Rising soy prices tempt US farmers to alter planting plans
              


Soy prices soaring to six-month highs and planting delays around the US Midwest may cause some farmers to seed more soy this spring than they initially planned.

 

Soy prices have risen nearly 15 percent in the three weeks since the US government forecast 2009 soy acreage at 3.6 million acres below market expectations. The rise has been fuelled in part by China's strong demand.

 

Corn prices, by comparison, were down more than 3 percent during the same time period.

 

Analyst Darrell Jobman said that based on the prices, there is probably a little bit more inclination to go with soy this year because of price differential.

 

To be sure, many farmers already have invested in the fertiliser they need to plant corn and were committed to planting decisions they made months ago.

 

However, a late harvest in 2008 and a damp fall left many farmers unable to fertilise their intended corn acreage before winter, giving them flexibility about what to plant on those fields this year.

 

Soy will look even more attractive if planting delays around the Corn Belt begin to threaten total production.

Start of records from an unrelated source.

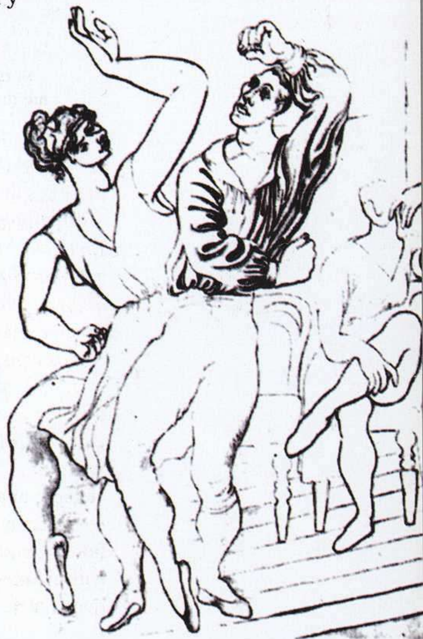
Pablo Picasso Félix El Loco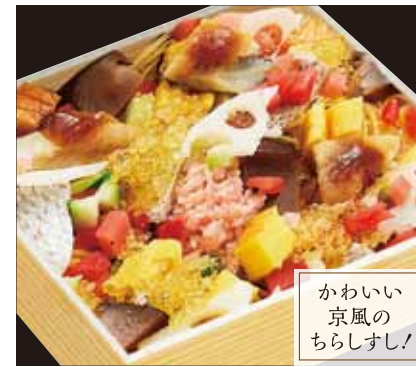
かわいい 京風の ちらしすし!

ちらしすし(折詰) …… ¥1,500 [税込] エビ・あなご・玉子焼・蓮根・椎茸・胡瓜・とびこ・ テリイカ・おぼろなど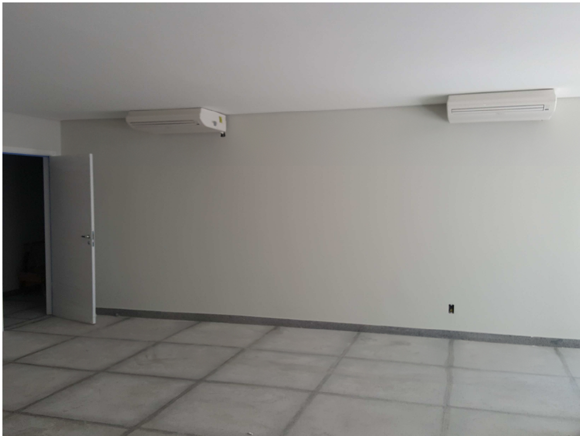
5. Ar condicionado – Edifício C. Ottoni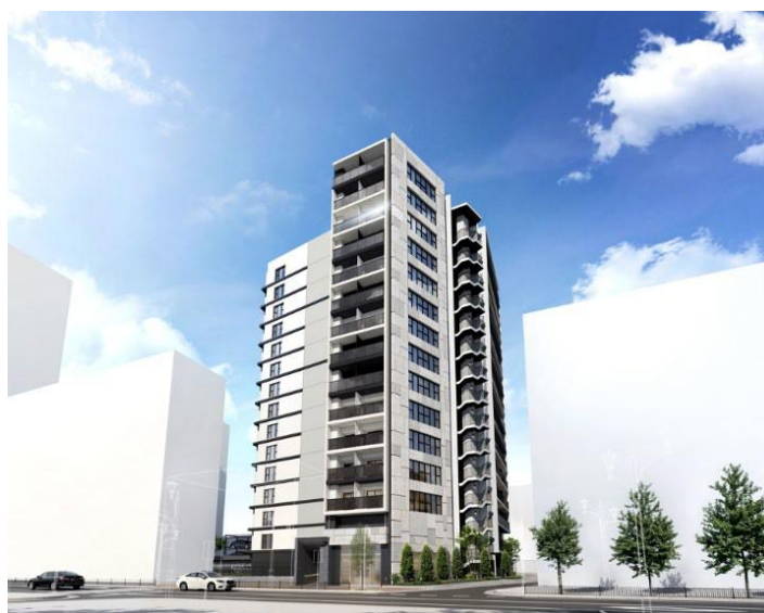
パークホームズ船橋 外観完成イメージ

今後も、三井不動産レジデンシャルの全住宅事業のブランドコンセプトである「Life-styling × 経年優化」のもと、多様化するライフスタイルに応える商品・サービスを提供するとともに、安全・安心で快適にくらせる街づくりを推進し、持続可能な社会の実現・SDGsへ貢献してまいります。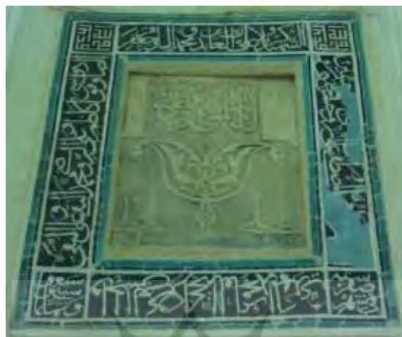
شکل ۱۲: تصویر محراب تابستانه کاشی معرق مسجد جامع میبد

در ادامه از دوره صفوی محراب گنبدخانه مسجد جامع ساوه خوانش و بررسی شده که بسیار پرکار و ظریف و دارای تزئینات رنگی است. توصیف حاشیه بیرونی با آیات ۹ و ۱۰ و قسمتی از ۱۱ سوره جمعه، و در دل آن آیات ۱۸ و بخشی از ۱۹ و ابتدای ۲۶ آل عمران، بسته می‌شود. حاشیه درونی از اواسط آیه ۱۱ جمعه آغاز می‌شود: «تَرَكَوكَ قَائِمًا قُلْ مَا... وَاللَّهُ خَيْرُ الرَّازِقِينَ». در ادامه این حاشیه عبارتی مانند «وقد قال عز اسمه» ۱ و به دنبال آن آیات ۷۸ و ۷۹ سوره اسری تا انتهای حاشیه دیده شده است. کتیبه بچه در حاشیه درونی، ادامه آیه ۲۶ آل عمران است و در حاشیه بیرونی چنین نوشته شده است: «الْمَلِكِ تُؤْتِي الْمَلِكَ مَنْ تَشَاءُ... إِنَّكَ عَلَى كُلِّ شَيْءٍ قَدِيرٌ».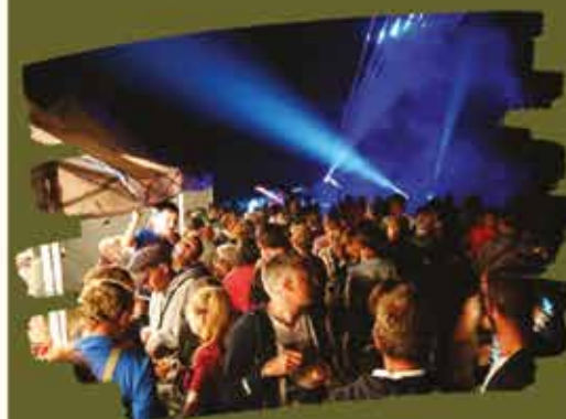
Soirée feu d'artifice

Plus de 500 personnes s'étaient donné rendez-vous pour cette première animation estivale.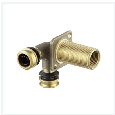
Raxofix-Doppelwanddurchführung mit SC-Contur Modell 5332.4 Artikel 689 582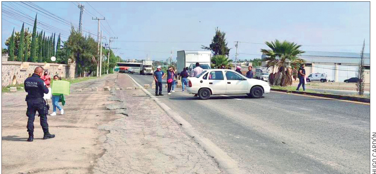
SITUACIÓN. El cerco carretero provocó un tráfico que se extendió por varios kilómetros por los tramos de El Arenal a Pachuca y El Arenal a Actopan.

Autoridades municipales, así como de Gobernación, ya mantenían acercamiento con los manifestantes a fin de escuchar sus demandas.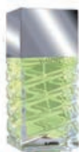
19,9€ Ajmal Vision

Corn planted after mid-May typically loses one bushel per acre for every day-seeding delayed.

 

Planting was already behind schedule in most areas. The US Department of Agriculture (USDA) said that corn planting was 5 percent complete as of April 19, well below the five-year average for late April of 14 percent.

 

Last year, when corn prices were 35 percent higher than current levels, farmers were doing whatever they could to plant as much as they possibly could, including running tractors through fields in muddy conditions and risking yield loss by seeding corn well into June.

 

But most forecasts for turning a profit with corn this year assume a good corn yield at harvest. Planting delays were causing farmers to make new calculations to determine if corn was still their best option.

 

Prices for new crop soy already rose past US$9 per bushel; a level most farmers assume will give them a profit, in most areas of the Midwest.

 

Grain dealers around the region said growers have been locking in that price for soy they will deliver in the fall for the past few weeks.

 

New-crop corn sales have been slower, as prices remained below the level growers have calculated they need to break even due to high input costs. Some farmers locked in prices for fuel and fertiliser at record highs last fall.